Open monitoring has a long secular history and has been the most widely and statistically researched form of meditation.

The descriptor “open-monitoring” comes from the scientific literature that seeks to classify meditation styles. Many similar meditation practices go by different names. In addition to mindfulness, open-monitoring meditation may also be called insight meditation, Shamatha, or Vipassana.

One thing to remember: Open-monitoring meditation is basic to its individual meditation style. There are more comprehensive techniques scaled to the experience of the meditator. After all, meditation has thousands of years of documented history, and the depth of individual practices can be enormous. A parallel: Beginning research analysts don’t start off learning trinomial options pricing models. Rather they receive an overview of financial theory, including arbitrage. Then they may proceed on to probability theory, Black-Scholes, binomial trees, and so on.

So it is with basic open-monitoring meditation. Think of it as one of the initial and critical steps to developing a robust meditation practice.

The scholarship provided below and in each of the forthcoming articles on meditation types is derived from the combined research efforts of neuroscientists, psychologists, and practitioners.

Open-Monitoring Meditation

What It Is: Open-monitoring meditation seeks to cultivate metacognition, a state of consciousness innate to every person. What is metacognition? The awareness of awareness itself. Those who achieve it describe it as the development of a purely objective witness consciousness that has the ability to watch all of the rest of their mental processes with non-attachment.

“Non-attachment” is a Western attempt to translate a specific meditation term for which there is no exact corollary. Non-attachment is nonjudgmental awareness that borders on pure objectivity. Put another way, non-attachment minimizes subjectivity. It is different from detachment, which is active disengagement from something. Non-attachment is similar to readiness. Hopefully, as investment professionals, we understand the benefit of minimizing subjectivity as we each strive to see the world for what it is, rather than what we prefer it to be.

Metacognition is cultivated, enhanced, and improved through meditation. Open monitoring asks that practitioners focus their awareness on the present moment rather than on mental distractions. Practitioners should accept their stray thoughts, emotions, and bodily sensations without judgment. Eventually, with practice, their consciousness achieves total awareness of their thoughts rather than just being lost in in those thoughts.
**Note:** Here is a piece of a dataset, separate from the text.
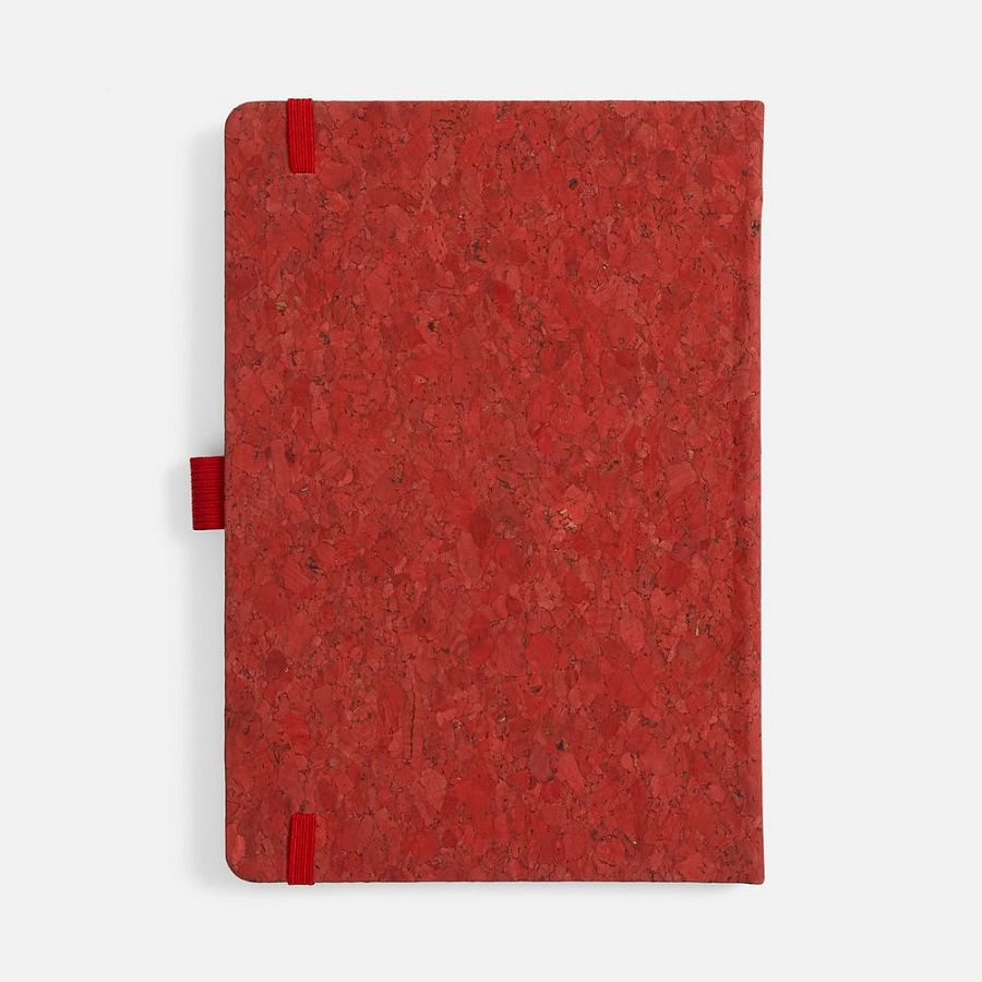 Блокнот с твердой обложкой из натуральной окрашенной пробки, дополнен петлей-резинкой для ручки, ляссе и резинкой в цвет обложки.

Mindfulness has been transformed into many formal training programs that you may have heard of, including the well-known Mindfulness-Based Stress Reduction (MBSR).

Benefits

Among the many reported benefits of open-monitoring meditation are stress relief, better thinking, increased emotional intelligence, and the ability to overcome mental biases.

Steps

Below are steps for a generalized open-monitoring meditation. It may be useful to read these instructions into your smartphone’s Voice Notes function so that you can create your own guided meditation with your preferred pacing and duration.

  • Get comfortable.
  • Relax.
  • Take a deep breath and drop any concerns or preoccupations.
  • Now rest your awareness in the present moment.
  • See if you can hold this moment in awareness.
  • Tune into your sensory experiences for several moments. There are likely many: what you can see or hear in the space you are in, the temperature of the room, and so forth.
  • Now see if you can focus on just the temperature.
  • Just be aware of the temperature.
  • Are you able to just feel the temperature without thinking about the temperature? No words, no numbers, no assessments, no naming of your experience, just awareness of the sensations of the temperature?
  • You probably realize that the mind has a life of its own. Even with this very simple assignment — rest your awareness in the present moment — your mind is barely able to stay present.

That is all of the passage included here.